Given H2(g) + (1/2)O2(g) ---> H2O(l), dH = -286 kJ/mol, determine the standard enthalpy change for the reaction 2h2O(l) ---> 2H2(g) + O2(g)
2H2O(l) ---> 2H2(g) + O2(g)
H2(g) + (1/2) O29g) ---> H2O (l) : dH = -286 kJ/mols
2H2O(l) ---> 2H2(g) + 2O2(g) : would dH be -572 or +572?
You want twice the reverse reaction given in the problem. So that's -(-286)*2 = ?
To determine the standard enthalpy change for the reaction 2H2O(l) ---> 2H2(g) + O2(g), we can use the information given about the reaction H2(g) + (1/2)O2(g) ---> H2O(l), where the standard enthalpy change (dH) is -286 kJ/mol.
Since the given reaction contains 2 moles of water (H2O), we can multiply the enthalpy change of the first reaction by 2:
2H2(g) + 2(1/2)O2(g) ---> 2H2O(l)
Therefore, the standard enthalpy change for this reaction would be -286 kJ/mol * 2 = -572 kJ/mol.
So, the answer is -572 kJ/mol.
To determine the standard enthalpy change for the reaction:
2H2O(l) ---> 2H2(g) + O2(g)
First, let's look at the given reaction:
H2(g) + (1/2)O2(g) ---> H2O(l) : dH = -286 kJ/mol
Notice that this equation is the reverse of the given reaction.

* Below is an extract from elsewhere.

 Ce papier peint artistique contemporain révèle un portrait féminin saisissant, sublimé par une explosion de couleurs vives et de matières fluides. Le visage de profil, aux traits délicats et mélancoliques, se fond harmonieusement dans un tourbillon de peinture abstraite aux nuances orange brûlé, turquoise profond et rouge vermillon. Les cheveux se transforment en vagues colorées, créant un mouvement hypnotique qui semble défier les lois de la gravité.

The enthalpy change of the reverse reaction is the negative of the original reaction, so the enthalpy change for the reverse reaction is +286 kJ/mol.

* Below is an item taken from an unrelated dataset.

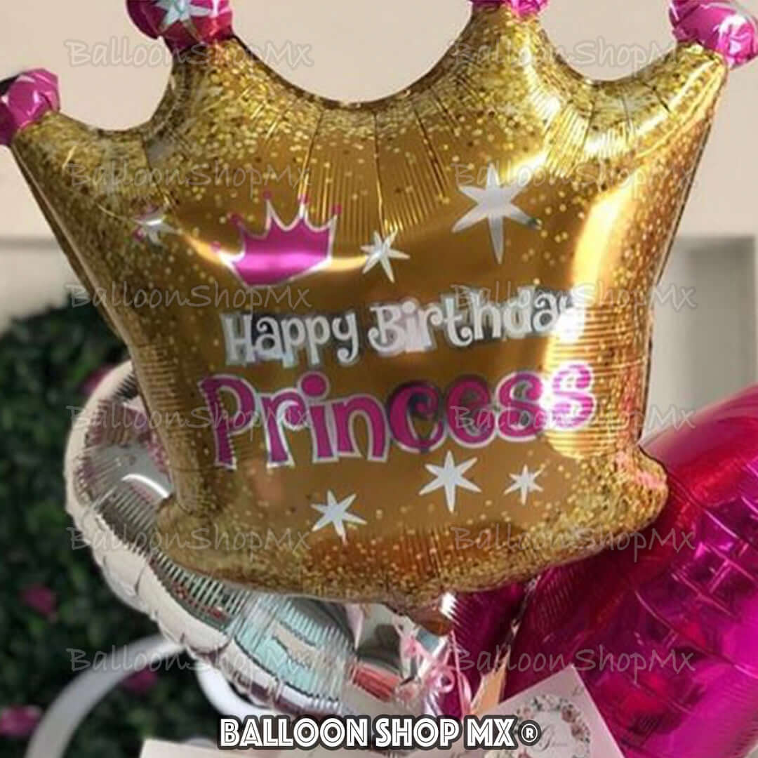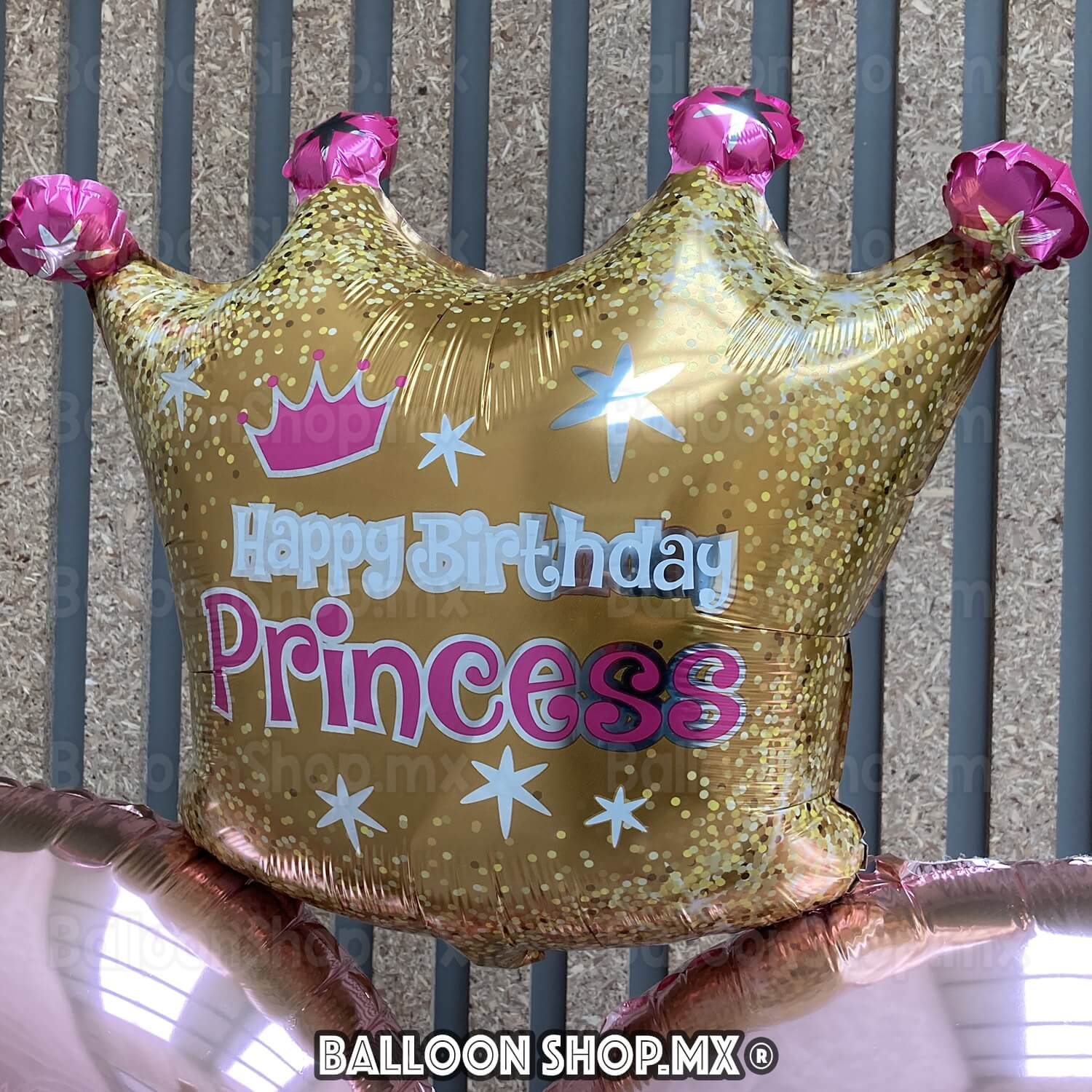 Globo en forma de corona en color dorado con detalles circulares en todo el contorno. Al centro la frase "Happy Birthday Princess" en las letras platas y rosas.

Now, let's rewrite the given reaction as two separate reactions:
H2O(l) ---> H2(g) + (1/2)O2(g)
H2O(l) ---> H2(g) + (1/2)O2(g) : dH = +286 kJ/mol
Since we want to find the enthalpy change for 2H2O(l), we can double the enthalpy change for the first reaction:
2H2O(l) ---> 2H2(g) + O2(g) : dH = +572 kJ/mol
So, the standard enthalpy change for the reaction 2H2O(l) ---> 2H2(g) + O2(g) is +572 kJ/mol.